Elisabeth of Württemberg (Elisabeth Wilhelmine Luise; 21 April 1767 – 18 February 1790) was a duchess of Württemberg by birth and an archduchess of Austria by her marriage to Archduke Francis of Austria.

==Life==
Elisabeth Wilhelmine Luise was born on 21 April 1767, in Treptow an der Rega, Province of Pomerania (present-day Trzebiatów, Poland) as the third daughter and eighth child of Frederick II Eugene, Duke of Württemberg and his wife, born Princess Friederike of Brandenburg-Schwedt.

At the age of fifteen, she was summoned by the Holy Roman Emperor, Joseph II, to Vienna. There, she was educated in a convent of the Salesian sisters converted to Roman Catholicism in anticipation for her marriage to Joseph's nephew Francis, the son of his heir presumptive Leopold. They were married in Vienna on 6 January 1788. At this time, Emperor Joseph was in ill health; the young archduchess became close to the emperor and brightened his last years with her youthful charm.

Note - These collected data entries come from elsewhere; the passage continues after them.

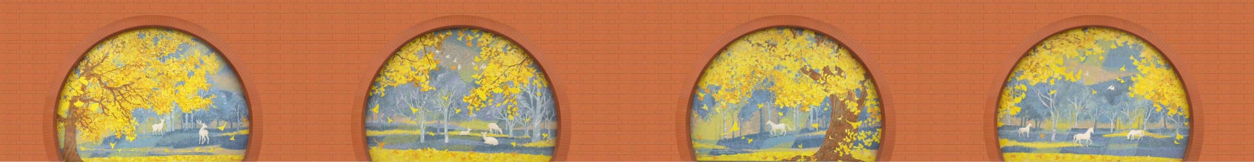 碧空如洗,金色的银杏在清风中翩翩起舞,远处白色的鹿与马悠闲的享受秋日暖阳,正是北京最动人的一抹秋色。画面延展了地铁的封闭空间,为忙碌的行人送去一份娴雅。
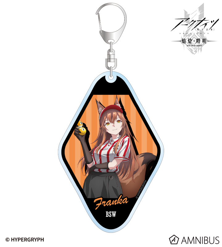 『アークナイツ【焔燼曙明/RISE FROM EMBER】』×「ROUND1」のコラボレーションアイテム「描き下ろし フランカ アクティビティスタッフver. BIGアクリルキーホルダー」の登場です。
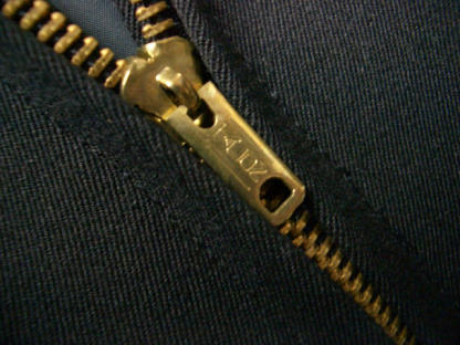 REBEL JACKETにおいても使用したTALON製ジッパー。滑らかに、優しく動く我らのニッポンのYKK製に比べるとこちらはガッチリ派のMADE IN USAじゃ。 | この手のブルゾンのキメテはじゃの、着丈に対して、袖丈が長めにある事なんじゃ。あくのでもコシで着ておいて、袖はゆった〜り!っなわけでこのシルエットが生まれるんじゃ。 | ||||||||||||||||||
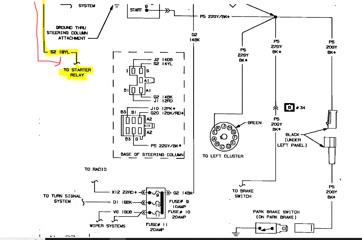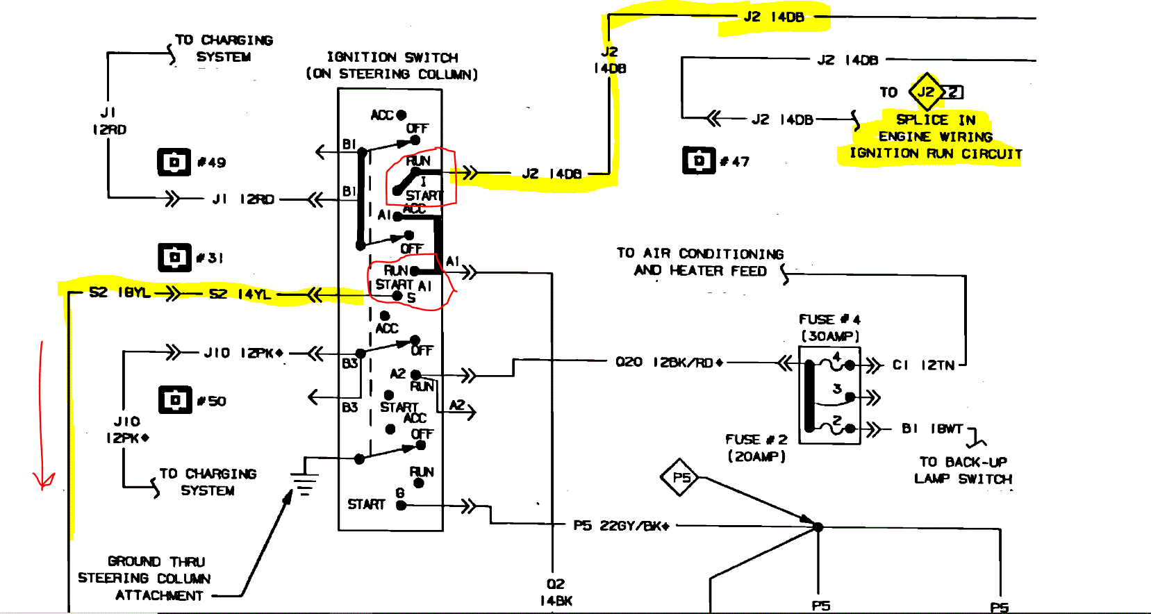 Next, I attached pics of the schematic that I'm reading. Take a look at it and let me know if the wire colors match what you have. Keep in mind, they may have faded. I highlighted the power supply to the starter relay.
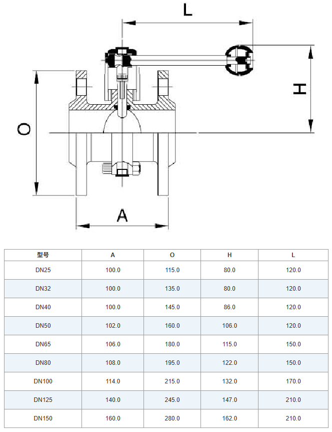 尺寸DN25/1"到DN250/10"多定位手柄尺寸到DN100/4"拉杆手柄尺寸到DN250/10*
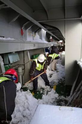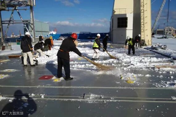 安全高于一切。每次装货前,船员们都会先将积雪及时清除干净,不留任何安全隐患。
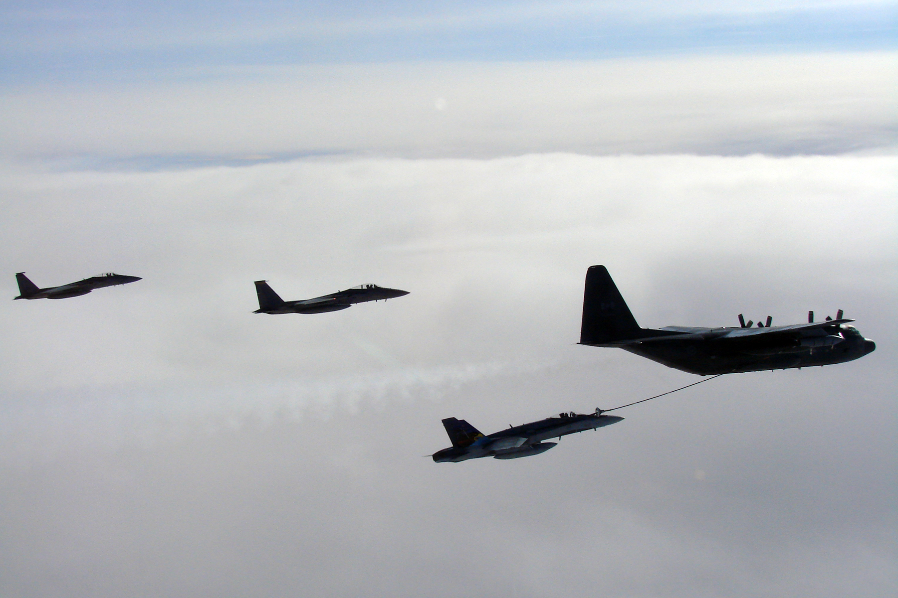 A CF-18 Hornet tops up its tanks from a CC-130T Hercules, both from the Canadian North American Aerospace Defense Command Region, while two F-15 Eagles from Elmendorf Air Force Base, Alaska, fly nearby. The aircraft were in the Canadian north in March 2007 to practice joint long-range detection missions and other NORAD procedures.

At the end of 1789, Elisabeth became pregnant; however, her condition was very delicate. On 15 February 1790, after attending the anointing of the sick for the dying emperor, Elisabeth fainted. On the night of 18 February, after a twenty-four-hour delivery, she prematurely gave birth to Archduchess Ludovika Elisabeth, who lived for sixteen months. Despite an emergency operation to save her life, Elisabeth did not survive and was buried in the Imperial Crypt. Her death was the final blow to the Emperor Joseph, who died two days later.

==Issue==
- Archduchess Ludovika Elisabeth of Austria (18 Feb 1790 – 24 June 1791), died in infancy.

==Archives==
Elisabeth's letters to her parents, Frederick II Eugene, Duke of Württemberg and Princess Friederike of Brandenburg-Schwedt, written between 1780 and 1790, are preserved in the State Archive of Stuttgart (Hauptstaatsarchiv Stuttgart) in Stuttgart, Germany. Elisabeth's letters to her brother, Charles Frederick Henry of Württemberg, are also preserved in the State Archive of Stuttgart.